Big Data 14 min read

Performance Optimization of Iceberg Real‑time Data Warehouse and Arctic Enhancements

This article presents a comprehensive overview of Iceberg MOR principles, Arctic‑based performance optimizations, benchmark evaluations using CH‑benchmark, and future roadmap items, highlighting how various file‑type strategies, self‑optimizing mechanisms, and task balancing improve real‑time data lake query efficiency.

DataFunSummit
DataFunSummit
DataFunSummit
Performance Optimization of Iceberg Real‑time Data Warehouse and Arctic Enhancements

Introduction

This article shares performance optimization techniques for Iceberg real‑time data warehouses, covering four main aspects: Iceberg MOR principle, Arctic‑based optimizations, benchmark evaluation, and future plans.

01 Iceberg MOR Principle Introduction

1. MOR Overview – Merge On Read (MOR) is an out‑of‑place update technique that records changes separately and merges them at read time, offering low write cost but higher read cost, suitable for real‑time ingestion scenarios.
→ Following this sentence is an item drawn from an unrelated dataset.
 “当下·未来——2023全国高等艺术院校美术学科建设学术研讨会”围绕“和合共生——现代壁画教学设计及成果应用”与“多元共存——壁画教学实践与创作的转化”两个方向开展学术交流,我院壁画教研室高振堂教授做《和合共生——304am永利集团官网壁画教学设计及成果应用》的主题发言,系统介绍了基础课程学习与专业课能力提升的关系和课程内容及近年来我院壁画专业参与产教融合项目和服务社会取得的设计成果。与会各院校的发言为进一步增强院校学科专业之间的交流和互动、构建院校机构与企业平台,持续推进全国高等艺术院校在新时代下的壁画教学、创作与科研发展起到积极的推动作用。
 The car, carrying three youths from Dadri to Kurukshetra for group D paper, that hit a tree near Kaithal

2. Three Iceberg File Types

Iceberg uses data‑files for normal inserts, equality‑delete‑files for row‑level deletions based on key matching, and position‑delete‑files that delete rows by file position.

3. Equality‑delete Mechanism

During reads, equality‑delete data is loaded into memory, a hash table is built on the specified columns, and matching rows are filtered out.
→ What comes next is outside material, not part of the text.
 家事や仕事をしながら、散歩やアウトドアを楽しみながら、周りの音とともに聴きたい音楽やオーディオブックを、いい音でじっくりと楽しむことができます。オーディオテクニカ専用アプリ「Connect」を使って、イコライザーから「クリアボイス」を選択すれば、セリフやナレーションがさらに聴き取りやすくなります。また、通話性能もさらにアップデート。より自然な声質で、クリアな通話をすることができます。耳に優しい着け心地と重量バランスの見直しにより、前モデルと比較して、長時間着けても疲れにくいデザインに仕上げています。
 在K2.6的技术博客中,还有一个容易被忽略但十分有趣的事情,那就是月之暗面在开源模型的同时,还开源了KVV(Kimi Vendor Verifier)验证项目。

4. Position‑delete Mechanism

Two approaches are used:

Bitmap construction – position‑delete‑files are read into memory, a bitmap of row numbers to discard is built, and matching rows are omitted during data‑file reads.

Sort‑merge – both data‑files and position‑delete‑files are sorted by row number, allowing a merge‑join style elimination.

5. Iceberg File Organization and Task Structure

Each data‑file can be split into one or more tasks, which serve as the smallest read units.

02 Arctic Based on Iceberg Performance Optimization

1. Arctic Overview

Arctic is NetEase’s open‑architecture lake‑warehouse system built on Iceberg, offering stream‑and‑update‑oriented optimizations and a self‑optimizing mechanism.

2. Why Optimize

Challenges include small files from frequent checkpoints, excessive delete files increasing storage and read cost, inefficient data organization, and lingering stale files.

3. Self‑optimizing Features

Provides automatic execution, resource isolation via groups and quotas, and flexible deployment on Flink (YARN, K8s, AMS).

4. Small File Merging

Merges many small files into larger ones, reducing NameNode pressure and Iceberg metadata.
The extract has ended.